In 1978 he built a factory that produced the first locally manufactured knapsack sprayers in Kenya. The Dutch designed Hobra Sprayers were enthusiastically welcomed by small-scale farmers as spare parts and repairs were now always locally available.

Hans was one of the leading entrepreneurial pioneers in Kenyan horticulture and Oserian soon became the model for flower export to the Dutch and EU markets. Hans started up the TFA (Tele Flower Auction) in the Netherlands, the first electronic flower auction in the world, designed to promote and support the Kenyan flower exporters. He also saw the opportunity to trade flowers directly to the UK supermarkets and established World Flowers in 1989, allowing Kenyan farmers to trade directly with the European High Street superstores.

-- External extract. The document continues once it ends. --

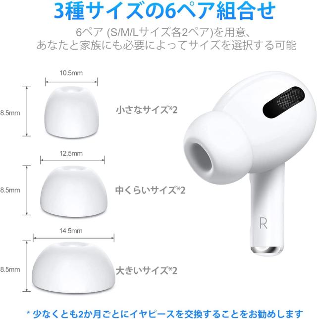 AirPods Pro イヤーピース 交換用 6ペア [S/M/Lサイズ各2ペア] シリコン イヤーチップ AirPods Pro第1 & 第2世代 対応 イヤーピース分離可能 遮音性 フィット感 脱落防止 収納ケース付き ホワイト

As Oserian expanded and thrived, he encouraged the development of a social complex, which included housing for 6000 employees and their families. Today Oserian is one of the most socially conscious businesses in the Country with crèches, primary and secondary schools and health care for thousands of children and adults.

Hans was committed not only to business but had long sought for a sustainable harmony between agriculture and the environment. In 1995 he created a 18,000 acre sanctuary to protect the local wildlife and ecosystem. Today, Oserian Farm and its green houses are surrounded by wildlife, which Hans saw as a fitting tribute to the beauty of Kenya.

His zeal and dedication to the Kenya horticulture industry would not go unnoticed. In 1998, the former President of Kenya, the Honourable Daniel Arap Moi, presented Hans Zwager Kenya’s Medal of Honour, the ‘Moran of the Burning Spear’in recognition for his role in directly developing what had by then become a corner stone of the Kenyan economy.

Hans was also presented with The Order of Orange-Nassau by His Royal Highness King William Alexander of the Netherlands for his services to society. The medal, a Military and Civil Order of Chivalry, was founded in 1892 by the Queen Regent Emma of Netherlands. Then Ambassador for the Netherlands, Mr Joost Reintjes presented the medal at a prestigious ceremony hosted at the Royal Netherlands Residency in Nairobi.